Daughter Monique, who was instrumental in the carving of the face, is closely involved here. “We scanned the mountain, scanned the model and put the two together to see how it best fits the rock,” she explains, in a cavernous studio dominated by a huge mock-up of the finished mountain carving. “Then you look at where you might have to bolt, where the seam lines are, understanding the rock mass. When you take the rock out from underneath it you want to make sure it’s going to stay there.” Though mundane and invisible to visitors, this is perhaps the single most important part in the memorial’s future.

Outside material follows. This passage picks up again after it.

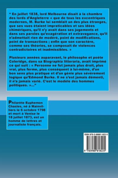 " En juillet 1838, lord Melbourne disait à la chambre des lords d'Angleterre que de tous les excentriques modernes, M. Burke lui semblait un des plus étranges, que ses vues étaient impraticables et ses idées chimériques, qu'il n'y avait dans ses jugements et dans ses paroles qu'exagération et extravagance, qu'il n'admettait rien de modéré, point de modifications, point de transactions ; enfin que son caractère, comme ses théories, se composait de violences contradictoires et inadmissibles. Plusieurs années auparavant, le philosophe et poète Coleridge, dans sa Biographia litteraria, avait imprimé ce qui suit : Personne ne fut jamais plus droit, plus vrai, plus ferme, plus conséquent à lui-même, d'un bon sens plus pratique et d'un génie plus sévèrement logique qu'Edmond Burke. Il ne s'est jamais démenti, il n'a jamais varié. C'est le modèle des hommes politiques. ..."

One job that hasn’t changed much is mucking, or removing the blasted rock: a blast today products 2000 to 3000 tons of rock fragments from gravel to 10-ton boulders, but it’s still all got to be cleared out of the way with bulldozers. The material stays on site in a vast rubble field beneath the carving; otherwise it would take 200 truck loads to clear the rock from each blast.
BOX: KORCZAK ZIOLKOWSKI
Korczak Ziolkowski had a tough childhood. A Boston-born Polish American, he was orphaned at the age of one and grew up in foster homes. Although never formally schooled in it, sculpture was a release, and he made his first marble portrait – of a supportive juvenile judge – with a coal chisel. In 1939 a sculpture won first prize at the New York World Fair and he was asked to help Gutzon Borglum on Mount Rushmore. This brought him to the attention of Standing Bear and his Crazy Horse idea, although World War Two (Korczak landed on Omaha Beach) delayed its start.

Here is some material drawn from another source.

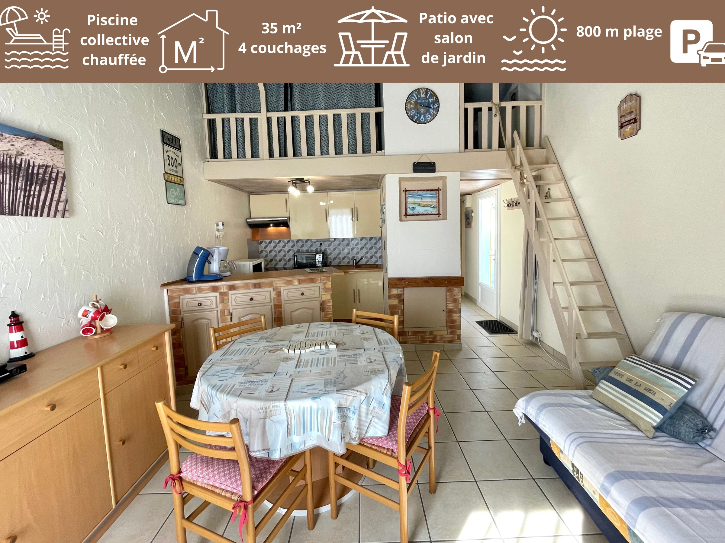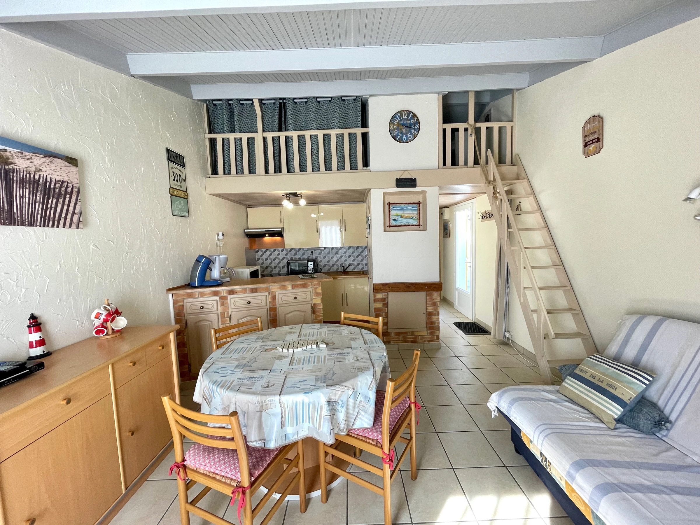 In einer Ferienanlage mit beheiztem Gemeinschaftspool (geöffnet von Mitte Juni bis Mitte September), Tennisplätzen, Spielplatz, Bouleplatz und gemeinschaftlich genutzten Grünflächen bietet dieses ebenerdige Ferienhaus mit einem Schlafzimmer einen Wohnbereich mit einer voll ausgestatteten Küche (kleiner Kühlschrank, kleiner Gefrierschrank, Geschirrspüler, Induktionskochfeld, Minibackofen, Mikrowelle) und einem Ess-/Wohnbereich (Tisch, Stühle, Sideboard, Flachbildfernseher und Schlafcouch für zwei Personen).

Although Native American leaders requested the tribute – the 1948 site dedication was attended by five of the nine survivors of Little Bighorn – attitudes have changed over the years. Lame Deer and Russell Means are examples of prominent Native Americans who have stridently opposed the carving, considering it a desecration of nature and pointing out that a man who refused to be photographed (Korczak’s sculptures represent an interpretation of Crazy Horse’s identity) probably wouldn’t have wanted to be sculpted 560 feet high.
“It doesn’t matter whether it’s Native Americans, Caucasians or what it is, you never please everyone,” says Ruth. “One of the unfortunate things was the Standing Bear passed away early on in the project [1953] and we had to start all over again to make friends on the reservation, and that made it very difficult. But there has never been a doubt in the world it should be done.”
Relations have improved as other parts of the project had developed. Korczak envisaged a whole complex embracing a museum, medical centre, university – even a landing strip. Don’t hold your breath for an airport but the museum is impressive and detailed, and work is underway on the school dormitory, supported and ratified by the University of South Dakota. A scholarship fund gave out $180,000 last year.
But what prompted Korczak to devote his life to memorialising Native Americans? “I think some of it goes back to his Polish ancestry. If you look at Poland and see how they’ve been divided up and sliced off, it’s a little like what happened to the Indians as they were pushed west. And he was always for the underdog.” Standing Bear had another explanation. One day he found out that Korczak’s September 6 birthday matched the date of Crazy Horse’s death. “He figured Crazy Horse’s spirit hovered around the world waiting for Korczak to be born, and that was why he said yes.”